Non dissero nulla, si guardarono semplicemente negli occhi per qualche secondo.

«La dottoressa Szabò non è ancora arrivata, ha avvisato via gufo che ha avuto problemi con la madre oggi», disse la ragazza al banco d'accettazione: «Dovrà aspettare signorina Parkinson, la avviserò appena la dottoressa sarà disponibile».

Pansy annuì e rimase ferma ad osservare il pavimento bianco dell'atrio per qualche secondo, poi sollevò lo sguardo sul viso di Blaise e gli occhi le si riempirono di lacrime: «Ho bisogno di aria», sussurrò, dirigendosi con passo malfermo verso l'ingresso del San Mungo.

Blaise la seguì, preoccupato del colorito giallognolo sul viso della ragazza, le loro dita ancora intrecciate in una morsa nervosa.

Una volta all'aria aperta Pansy iniziò a frugare nella borsetta che aveva a tracolla, da cui estrasse un pacchetto di sigarette Morgana e un accendino.

«Pensavo avessi smesso», disse Blaise, aggrottando le sopracciglia, leggermente contrariato.

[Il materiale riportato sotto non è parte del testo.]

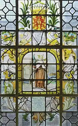 Maria Elisabeth's window is dedicated to Saint Serapion of Thmuis, a fourth-century Egyptian hermit. He is depicted in a Carmelite habit. The mitre next to him refers to his appointment as bishop of Antioch.
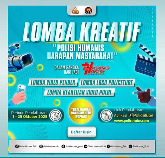 tribratanews.lampung.polri.go.id. LAMPUNG – Dalam rangka memperingati Hari Ulang Tahun Humas Polri ke-74 Tahun 2025, Divisi Humas Polri menyelenggarakan kegiatan lomba kreatif sebagai wadah partisipasi masyarakat, pelajar, mahasiswa, maupun wartawan untuk mewujudkan sinergitas Polri Untuk Masyarakat. Senin(6/10/25).HUT kali ini mengusung tema "POLISI HUMANIS HARAPAN MASYARAKAT" yang bertujuan menumbuhkan kreativitas, meningkatkan partisipasi publik, serta memperkuat citra Polri sebagai institusi yang humanis, transparan, dan dekat dengan masyarakat. “Lomba kreatif ini merupakan sarana yang efektif untuk menjalin sinergi antara Polri dan masyarakat. Melalui karya-karya yang dihasilkan, kami berharap dapat menggambarkan peran Polri dalam memberikan pelayanan yang humanis sesuai harapan masyarakat,” Ucap Kabid Humas Kabid Humas Polda Lampung, Kombes Pol. Yuni Iswandari Yuyun, menyampaikan bahwa lomba ini merupakan kesempatan bagi masyarakat untuk berpartisipasi aktif dalam menyemarakkan HUT Humas Polri. “Melalui lomba ini, kami berharap dapat melahirkan karya-karya edukatif dan inspiratif yang menggambarkan peran Polri dalam memberikan pelayanan kepada masyarakat secara humanis. Kami mengajak seluruh elemen masyarakat, termasuk pelajar, mahasiswa, dan wartawan, untuk berpartisipasi memeriahkan HUT Humas Polri ke-74 ini,” ujarnya. Ada 3 jenis perlombaan yang bisa diikuti :

Pansy emise un suono strozzato a metà strada tra un gemito di dolore e un verso d'indignazione, poi sollevò lo sguardo lucido sul viso di Blaise: «Pensavi male», disse con tono rabbioso, portandosi la sigaretta alle labbra.

Blaise le rubò di mano l'accendino con un silenzioso "Accio" e lo fece evanescere il secondo successivo.

Pansy lo guardò con rabbia: «Perché l'hai fatto?», urlò, asciugandosi le lacrime con le dita che le tremavano: «Perché?!»

Pansy spinse il ragazzo, facendolo indietreggiare di un paio di passi poi, prima di colpirlo in viso, strinse le mani a pugno e le portò rigide lungo i fianchi, il volto stravolto dal pianto: «Perché non dici niente?! Di solito non riesci a stare zitto per più di due secondi! Perché non parli?»

Blaise sospirò e si sedette per terra a gambe incrociate, ignorando lo sporco e i germi che gli avrebbero sicuramente contaminato i pantaloni perfettamente puliti e stirati da Otto: «Cosa vuoi che ti dica, Pan?», chiese esasperato, passandosi le mani tra i capelli, spettinandoli.

Pansy chiuse gli occhi per qualche istante, poi si sedette accanto a lui: «Qualsiasi cosa, Blaise».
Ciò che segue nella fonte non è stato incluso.